> [WORK TASK] For this exercise, repeat exactly the lines below starting at the line holding "पुलिस की ओर" and ending at the line holding "9月10日 名月の宴 天気にもめぐまれとても幻想的でした", both included, with no extra lines and no pictures.

-------- INPUT FOR THIS TASK --------

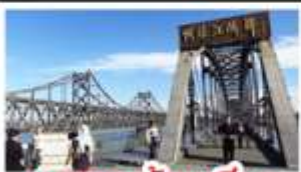
สถานางตัวนเมยิว
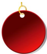
دائرة حمراء، $5
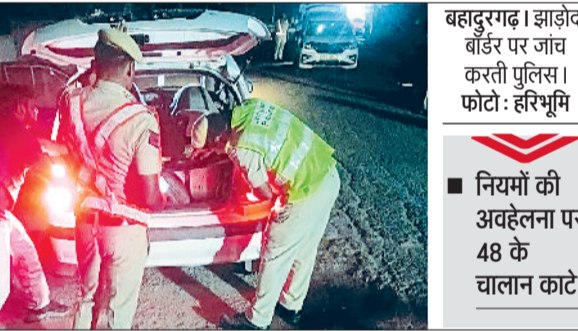
हरिभूमि न्यूज ॥ बहादुरगढ़

पुलिस की ओर झाड़ोदा बॉर्डर पर देर रात विशेष नाकाबंदी अभियान चलाया गया। यह अभियान रात 11 बजे से मंगलवार सुबह चार बजे तक चला। कुल 30 पुलिसकर्मी तैनात रहे। नाकाबंदी के दौरान 398 वाहनों की गहन जांच की गई। यातायात नियमों का उल्लंघन करने पर 48 चालान किए गए, जिनमें 5 ड्रिंक एंड ड्राइव के मामले शामिल हैं, जबकि एक वाहन को इंपाउंड किया गया। अभियान का उद्देश्य अवैध हथियार, नशीले पदार्थों की तस्करी और चोरी के वाहनों पर अंकुश लगाना रहा। पुलिस ने स्पष्ट किया कि ऐसे अभियान आगे भी जारी रहेंगे और लोगों से संदिग्ध गतिविधियों की सूचना देने की अपील की गई है, ताकि क्षेत्र में कानून व्यवस्था मजबूत बनी रहे।
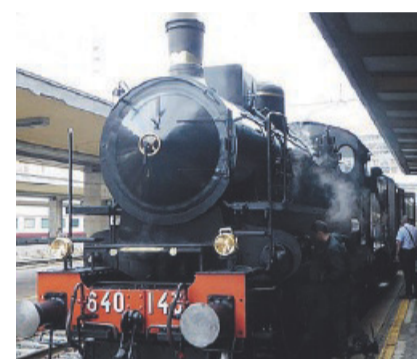
Un treno a vapore

Quando tutto si pensava fosse perduto in nome dell'alta velocità e deisupertreni, ecco la voglia di riutilizzare quei treni d'un tempo a scopo turistico, per far godere, dal finestrino delle carrozze, paesaggi inconsueti e dimenticati. Le partenze a bordo dei treni storici prevedono diversi itinerari: un salto indietro nel tempo su carrozze vintage, grazie alla Fondazione FS che promuove il restauro di carrozze, locomotive e sta-
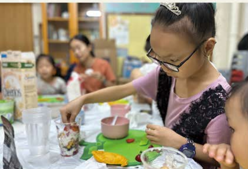
乳你童酪： 營養師講解不同食材的營養及配搭， 教導親子自行製作乳酪。
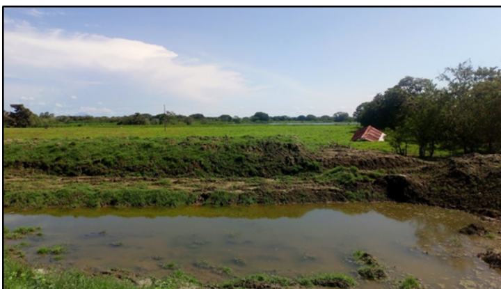
Imagen 2. Zona de intervención con restricciones (vía Achí-Tres Cruces)
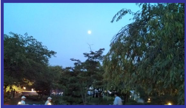
9月10日 名月の宴 天気にもめぐまれとても幻想的でした

発行:かみむら しんぞう後援会 〒617-0843 長岡京市友岡西山17 TEL 075-951-7496 E-mail:shinzou9n@yahoo.co.jp
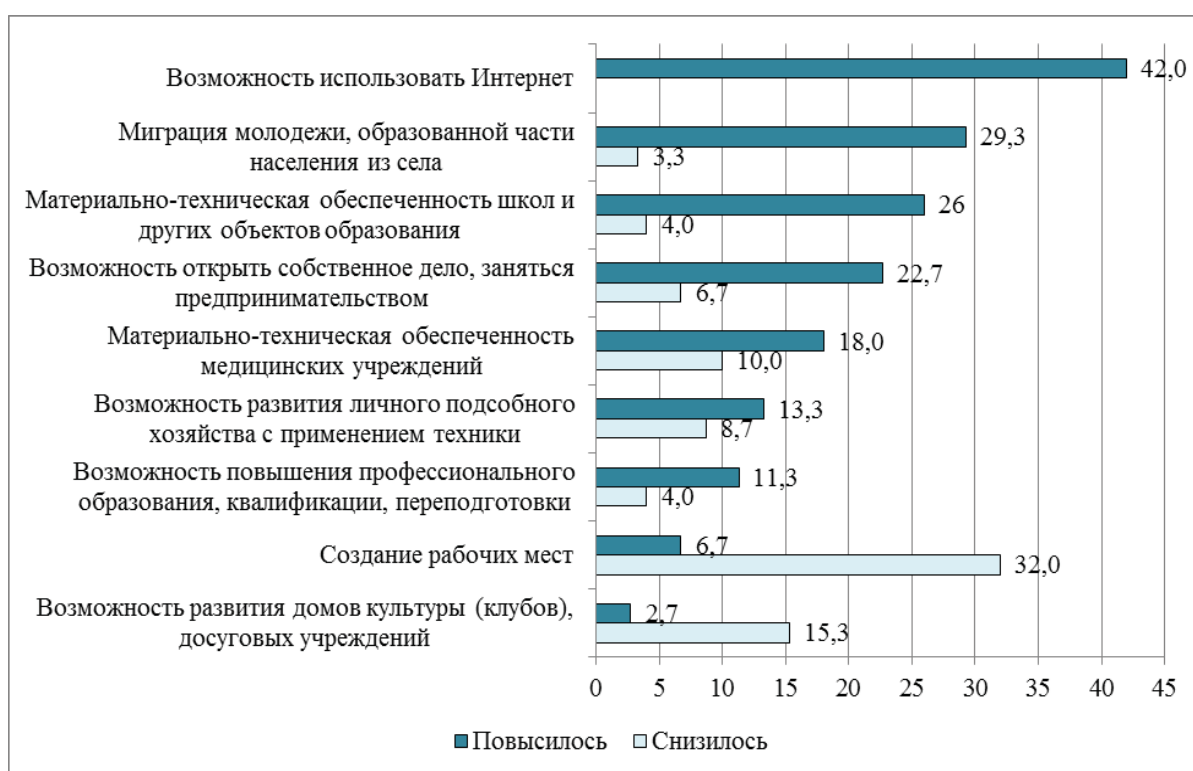
Рис. 6.2. Социально-экономические изменения в развитии села в 2008-2013 гг. (по мнению сельских жителей), %

Со второй половины 2000-х гг. в селе изменения в образовании и здравоохранении были связаны с обновлением материально-технической базы и применением новых технологий, хотя происходили они точечно и несистемно 1 . В отдельных селах, районах появились новое медицинское и школьное оборудование, компьютерные классы, Интернет, повысилась оплата труда медицинских работников и учителей. Возможность медицинской диагностики и первичной медицинской помощи сельских жителей с 2011 г. осуществляется с помощью «Автопоезда «Здоровье» в соответствии с установленным графиком, что особенно актуально для жителей небольших удаленных сел, не имеющих необходимой кадровой и материальной базы.

--------

> [RESPONSE AREA]
पुलिस की ओर झाड़ोदा बॉर्डर पर देर रात विशेष नाकाबंदी अभियान चलाया गया। यह अभियान रात 11 बजे से मंगलवार सुबह चार बजे तक चला। कुल 30 पुलिसकर्मी तैनात रहे। नाकाबंदी के दौरान 398 वाहनों की गहन जांच की गई। यातायात नियमों का उल्लंघन करने पर 48 चालान किए गए, जिनमें 5 ड्रिंक एंड ड्राइव के मामले शामिल हैं, जबकि एक वाहन को इंपाउंड किया गया। अभियान का उद्देश्य अवैध हथियार, नशीले पदार्थों की तस्करी और चोरी के वाहनों पर अंकुश लगाना रहा। पुलिस ने स्पष्ट किया कि ऐसे अभियान आगे भी जारी रहेंगे और लोगों से संदिग्ध गतिविधियों की सूचना देने की अपील की गई है, ताकि क्षेत्र में कानून व्यवस्था मजबूत बनी रहे।
Un treno a vapore

Quando tutto si pensava fosse perduto in nome dell'alta velocità e deisupertreni, ecco la voglia di riutilizzare quei treni d'un tempo a scopo turistico, per far godere, dal finestrino delle carrozze, paesaggi inconsueti e dimenticati. Le partenze a bordo dei treni storici prevedono diversi itinerari: un salto indietro nel tempo su carrozze vintage, grazie alla Fondazione FS che promuove il restauro di carrozze, locomotive e sta-
乳你童酪： 營養師講解不同食材的營養及配搭， 教導親子自行製作乳酪。
Imagen 2. Zona de intervención con restricciones (vía Achí-Tres Cruces)
9月10日 名月の宴 天気にもめぐまれとても幻想的でした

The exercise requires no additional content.